You mentioned that efforts need to be made to better understand the long-term AEs associated with TKI discontinuation. What are some of the AEs that are typically seen and how do you manage these patients?

[In terms of] the AEs that patients could experience, there is such a thing as withdrawal syndrome. Patients develop joint pain, which is mainly in the hands [and in] most it will resolve by 6 months. Supportive care using nonsteroidal anti-inflammatory drugs or acetaminophen [Tylenol] is indicated. Very few patients need to restart the TKI because of how significant that pain is. I personally [have] restarted [treatment in] a patient when their pain lasted for 3 or 4 months, and it was just so severe that we tried steroids and we were at the point of narcotics.

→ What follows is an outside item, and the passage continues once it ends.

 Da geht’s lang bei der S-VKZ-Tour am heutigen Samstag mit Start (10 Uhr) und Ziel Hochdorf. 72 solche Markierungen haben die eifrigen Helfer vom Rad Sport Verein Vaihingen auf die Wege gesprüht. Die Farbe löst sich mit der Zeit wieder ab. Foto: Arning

The second AE, [or challenge], is the need to come into [the clinic] to get labs done. As I mentioned, labs need to be done monthly for the first 6 months, every 2 months for 18 months, and every 3 months thereafter. This intensive schedule is different for patients who have been on a TKI for a long time because normally, if they are having a good response, we would do their labs every 3 to 6 months and I would see them in the clinic every year. It is a more intensive schedule of follow-up, which they are not used to—especially in the first year or 2. This was clearly highlighted during the pandemic when patients really did not want to go to any healthcare facilities. [Another consideration] is the anxiety that a patient experiences when they come in to get the labs checked once a month to see whether they are going to relapse or not [and whether] they need to restart the treatment.

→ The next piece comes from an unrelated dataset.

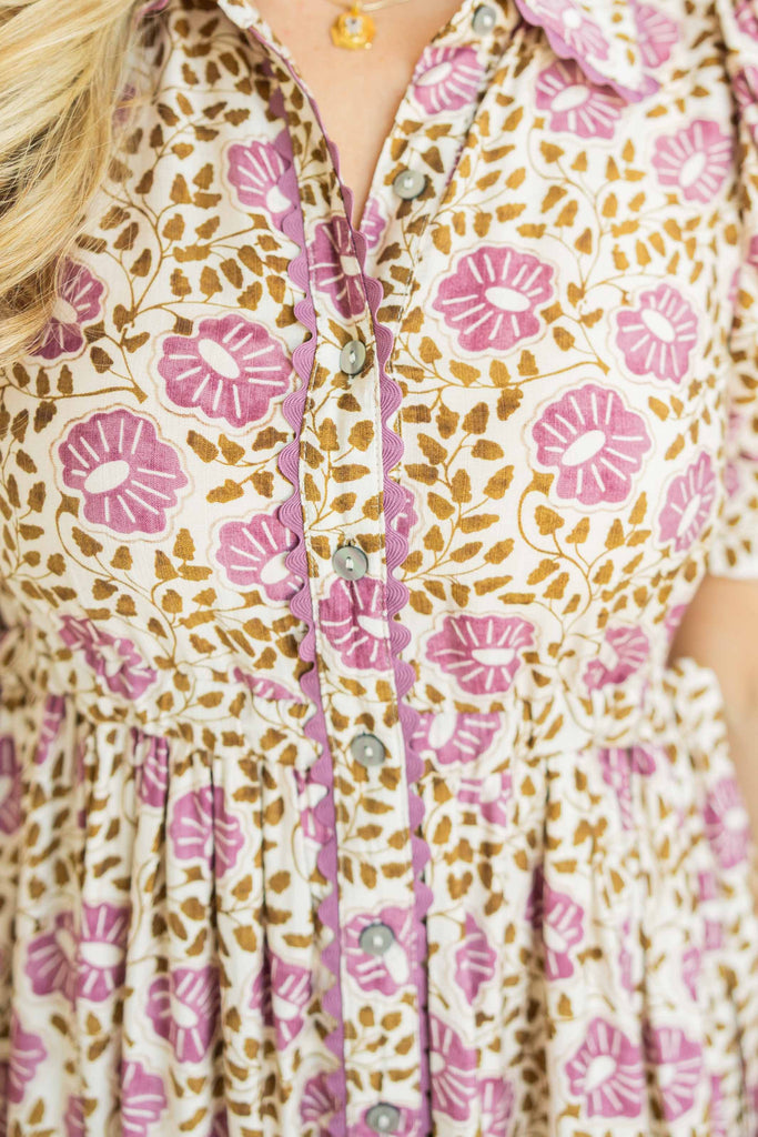 You know that dress that just gets you? That’s the Elaina Midi Dress. Featuring a soft, lightweight texture and the dreamiest floral print in dusty purple, olive, and cream—this beauty brings the cozy color palette you need to float from late summer into early fall (aka peak layering szn 🍂).

What is your advice for optimally supporting patients through this process?

In patients who need to restart the treatment, it is very stressful because it is almost like having leukemia all over again, in patients’ own words. Explaining to the patients about the withdrawal syndrome, the more intensive monitoring, and the anxiety associated with stopping and checking labs is important so that you can support [them] during the attempt for treatment-free remission.

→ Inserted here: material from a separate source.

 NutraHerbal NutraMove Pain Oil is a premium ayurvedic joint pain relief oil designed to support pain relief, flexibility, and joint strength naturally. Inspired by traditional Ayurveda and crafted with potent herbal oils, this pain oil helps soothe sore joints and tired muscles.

Looking at some of the different TKI options in the paradigm, bosutinib (Bosilif) is the latest to come on the market. How does this drug measure up with other available options?

Bosutinib is a TKI that works very similarly to that of imatinib [Gleevec], dasatinib, and erlotinib [Tarceva], [although it has] a different AE profile. Bosutinib was the last to come on the market, at first in the relapsed/refractory setting, and then in the frontline setting. [The agent] is taken once daily with food [and is] well tolerated, overall. The main AEs [experienced with] bosutinib [include] liver function abnormalities, skin rash, and diarrhea. The diarrhea may be quite intense up front but slowly resolves after.

[The agent can be administered in] 2 ways. You [could] start with the full dose, which, for the frontline setting, is 400 mg. Then, you would tell the patient that for the first week or 2, the diarrhea may be significant but it [will get] better. The alternative is to slowly escalate the dose from 100 mg to 200 mg, 300 mg, and 400 mg, until you get to the full dose. That way, [you are] preventing the patient from experiencing significant diarrhea and being discouraged from continuing the drug.

In terms of efficacy, compared with imatinib, [the data with bosutinib are comparable to what] we have seen with the other second-generation TKIs; there is no difference in OS, but patients do achieve faster and deeper remissions with a second-generation TKI compared with imatinib.

What has been your experience with patient adherence to this drug?

Overall, [patients can adhere] to bosutinib because it is a drug that is given once daily, and [despite toxicities like] diarrhea and liver function [abnormalities], it is well tolerated. We also know from multiple phase 3 trials of the TKIs compared with imatinib that, at the end of the day, about 65% of patients stay on the TKI they started with. [This can be] because of AEs or because of response. At the end of the day, [only] one-third of patients change the TKI they started with.